Presenter/Authors
Giovanni Mazzocco, Oleksandr Myronov, Piotr Skoczylas, Jan Kaczmarczyk, Iga Niemiec, Katarzyna Gruba, Anna Sanecka-Duin, Piotr Stepniak
Abstract
Introduction: The purpose of this study is to present a novel method for neoepitope prediction, along with extensive benchmarks to existing solutions and identification of the most predictive constituent biological features. The accurate prediction of neoepitope immunogenicity represents an invaluable tool for the design of personalized cancer vaccines with effective treatment outcomes. The effectiveness of the host’s adaptive immune response against cancer relies on the correct HLA-mediated neoepitope presentation and the recognition by specific CD8+ clones. Cancer immunotherapies act by boosting the activity of these effector T-cells.

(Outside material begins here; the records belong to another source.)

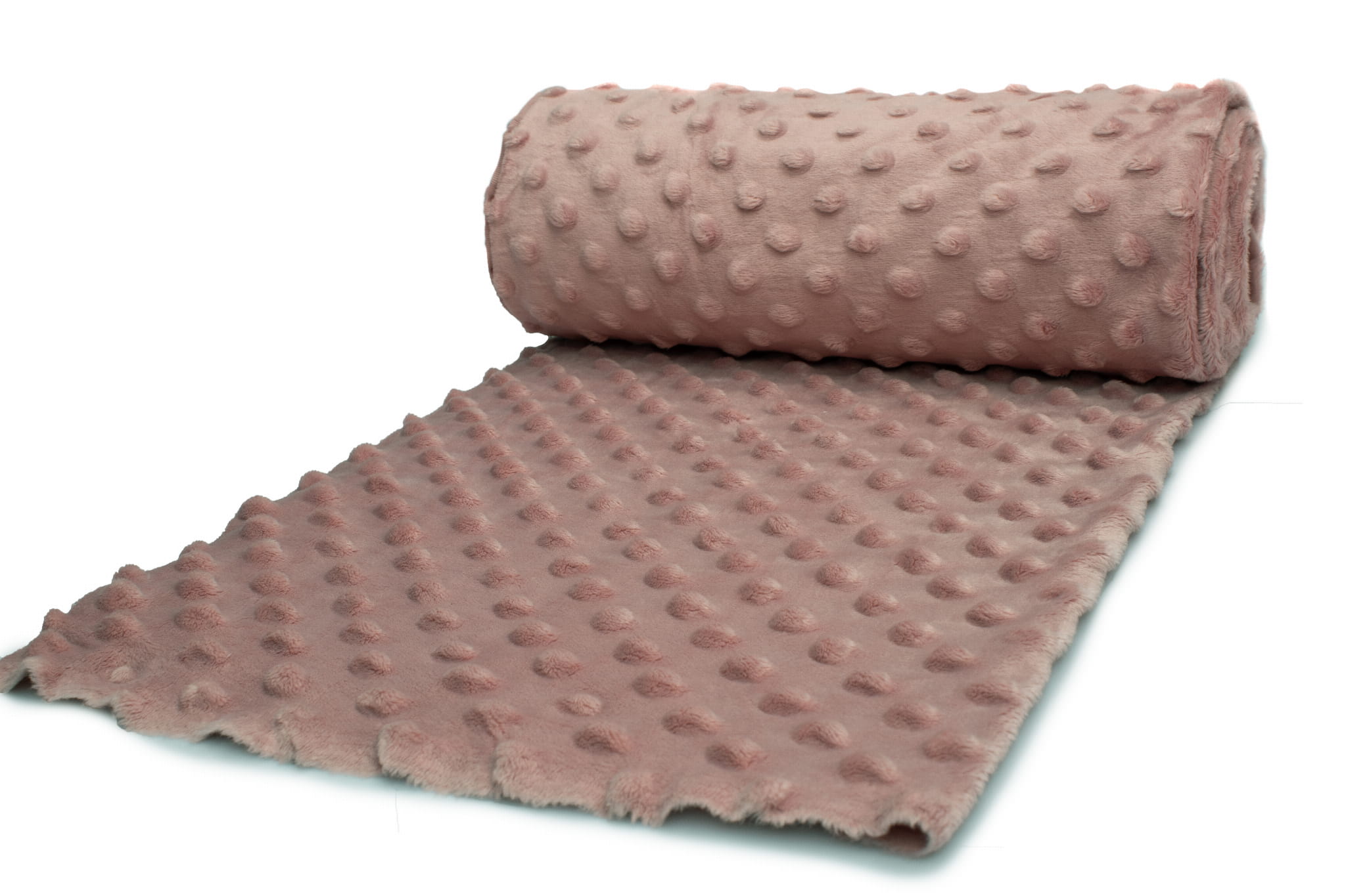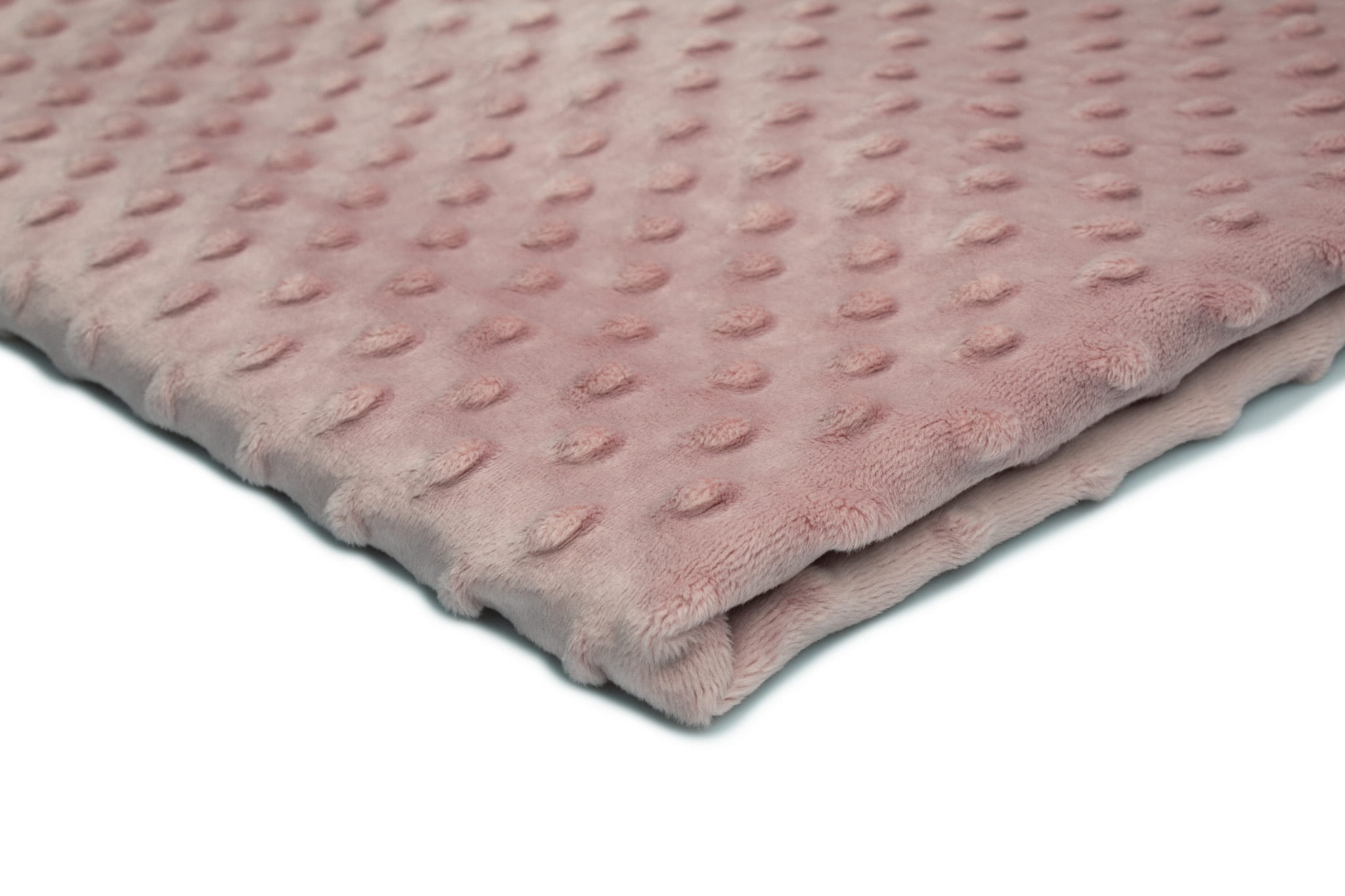 Minky fleece ist eine Strickware aus Polyesterfasern. Es zeichnet sich vor allem durch eine sehr gute Wärmedämmung und eine weiche und äußerst kuschelige Textur des Materials aus. Darüber hinaus hat es eine attraktive Prägung in Form von konvexen Kugeln, wodurch sein ästhetischer Wert verbessert wird.
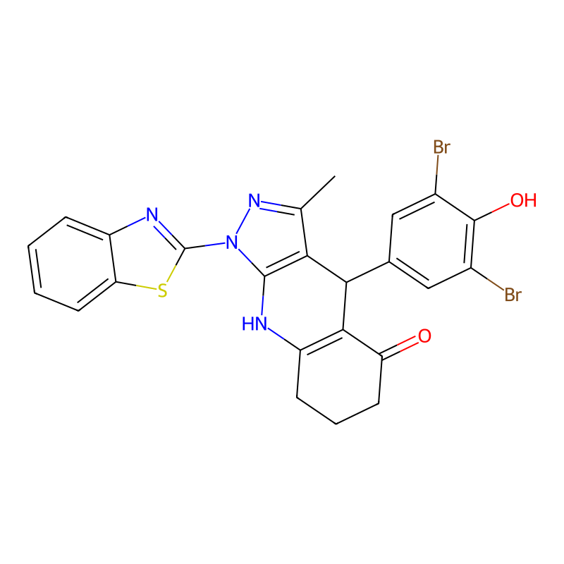 1-(1,3-苯并噻唑-2-基)-4-(3,5-二溴-4-羟基苯基)-3-甲基-6,7,8,9-四氢-4H-吡唑并[3,4-b]喹啉-5-酮 1-(1,3-benzothiazol-2-yl)-4-(3,5-dibromo-4-hydroxyphenyl)-3-methyl-6,7,8,9-tetrahydro-4H-pyrazolo[3,4-b]quinolin-5-one |
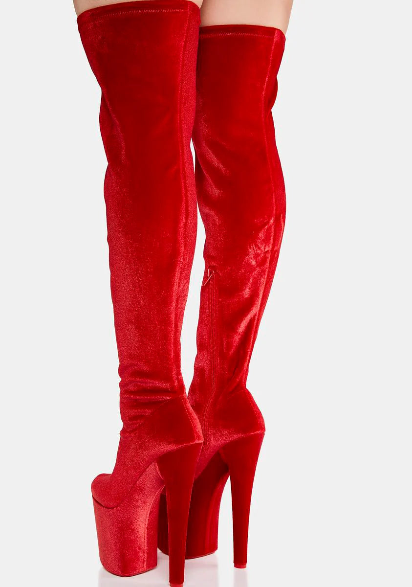Red Velvet Twerk Platform Boots
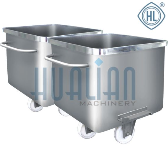 Тележка-чан для фарша объёмом на 200 литров предназначена для транспортировки мясного сырья, фарша, ингредиентов и готовой продукции в цехах пищевых производств. Конструкция предполагает использование со всеми типами загрузчиков-опрокидывателей. Используемые материалы позволяют эксплуатировать такие тележки в низкотемпературных холодильных камерах и камерах дозревания. Представляет собой ёмкость из нержавеющей стали специальной конструкции, предотвращающей скопление продукта и позволяющей при механическом опрокидовании производить полную выгрузку, без остатков. Также конструкция облегчает легкую санитарную обработку. Верхние края ёмкости имеют ребро жесткости.

Methods: The proposed AI-driven bioinformatics solution allows to perform an accurate prediction of HLA I-restricted neoepitope immunogenicity by including several analytical modules simulating biological processes leading to the activation of CD8+ T-cells. These modules can be flexibly composed on the basis of the data available and include: (i) selection of potential neoepitope based on cancer NGS data, (ii) expression of neoepitope-associated genes, (iii) similarity to self, (iv) prediction of neoepitope-HLA binding affinity and stability, (v) effect of post-translational modification on neoepitope presentation and TCR recognition, (vi) prediction of neoepitope:TCR recognition probability based on neoepitope-HLA:TCR structural-derived features and TCR CDR3 sequence similarities. The model was trained on a curated dataset joining records of multiple studies containing neoepitopes experimentally validated for their ability to elicit adaptive immune response.

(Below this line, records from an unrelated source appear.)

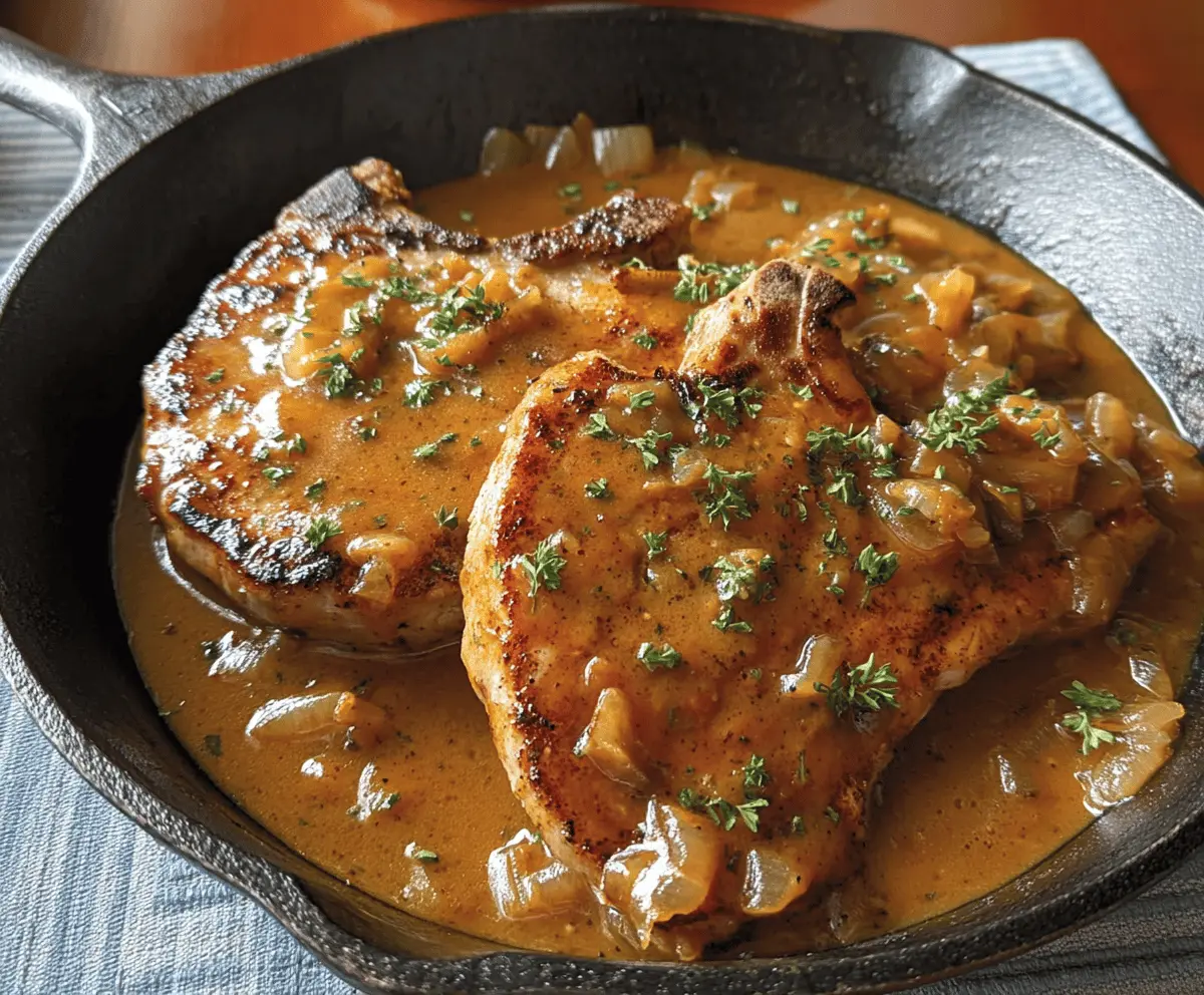 These juicy pork chops topped with rich onion gravy are a real treat for your taste buds! They’re simple to make and perfect for a cozy dinner.
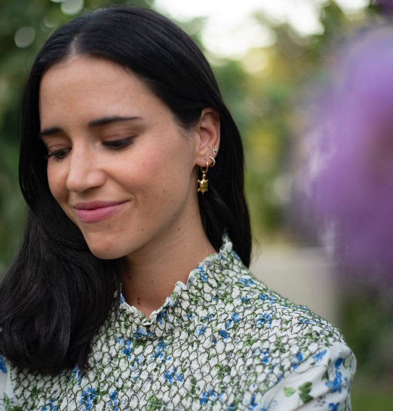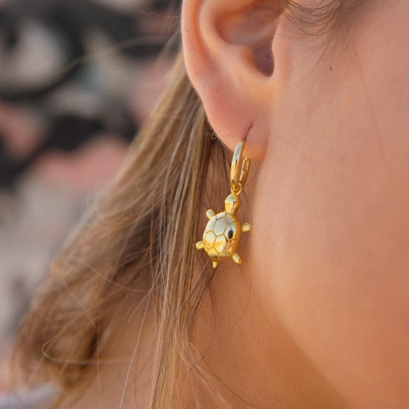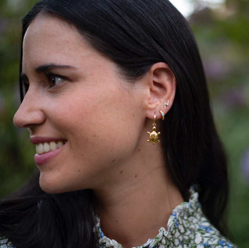 Los pendientes tortuga son los pendientes de aro de la nueva colección que no pueden faltar en tu joyero esta temporada. Fabricados en plata de 925 mls y un baño de oro de 18 kts.
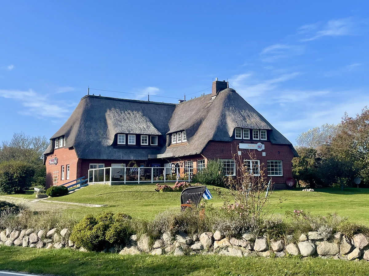Das Inselhotel Kapitän Tadsen wurde 1979 im kleinsten Inseldorf, Steenodde errichtet. Steenodde als Kapitänsdorf besticht durch seine pittoresken Reetdachhäuser, einen eigenen kleinen Gezeitenstrand und eine ausgezeichnete Restauration. Das Hotel verfügt über einen romantischen Frühstücksraum mit Meerblick sowie eine Außenanlage mit Ruheplatz und kleinem Teich.
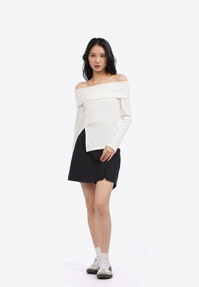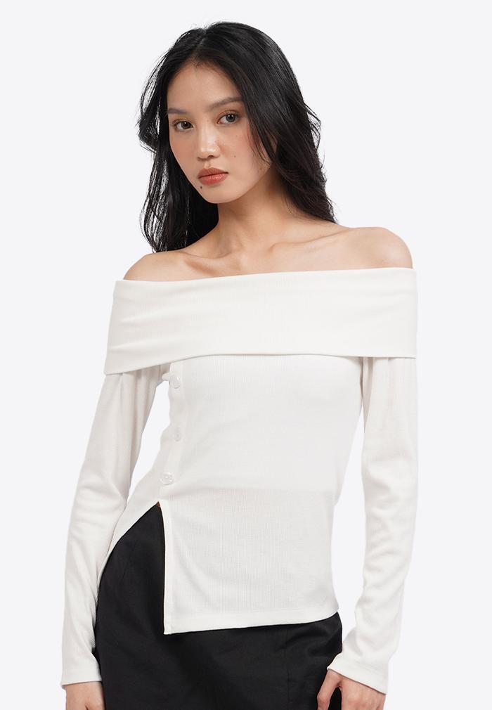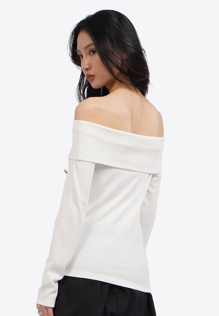 COLORBOX Off Shoulder Long Sleeve Top Off White
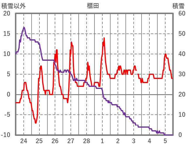 | 日 | 時 | 気温 | 降水 | 風向/風速 | 日照 | 積雪 | 降雪 |
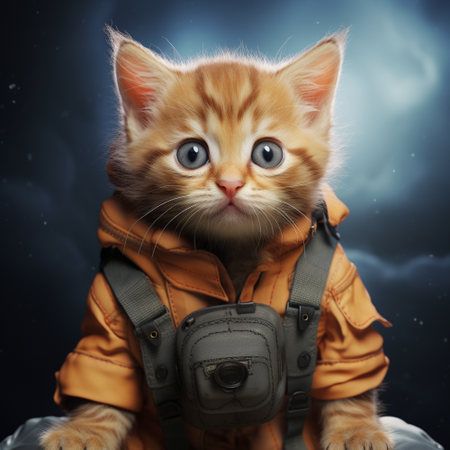 photorealstic image a cute kitten dressed in overall, with a DLSR camera hanging from its neck.
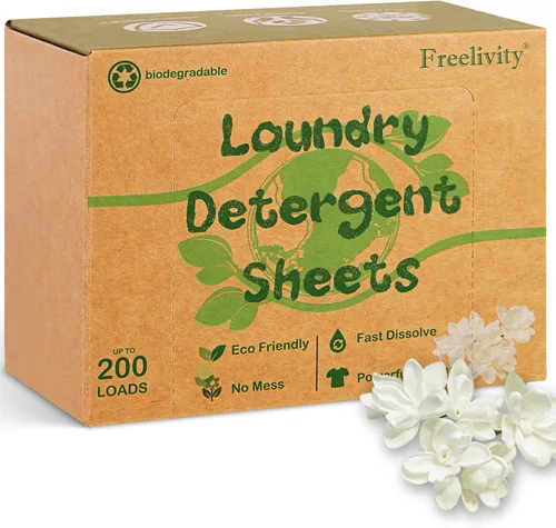 Freelivity Hojas de detergente para ropa, 200 hojas de aroma de lino fresco, ecológicas, hipoalergénicas, sin plástico, sin líquido, suministros de

Results: We present the results of a benchmarking study where we compare the performance of widely used methods for the assessment of neoepitope immunogenicity along with our solution. We investigate the predictive power of each analytical module to determine the individual information gain and determine the most informative ones. All the methods included in the benchmarking study were tested using the dataset provided by Chowell et al. 2015. As the metric for performance evaluation we use ROC AUC and the overall percentage of correctly detected immunogenic neoepitopes (precision).
Conclusion: The results present the utility of the compared methods for personalized cancer vaccine design and the importance of modules related to biological processes underlying the neoepitope presentation and immunogenicity.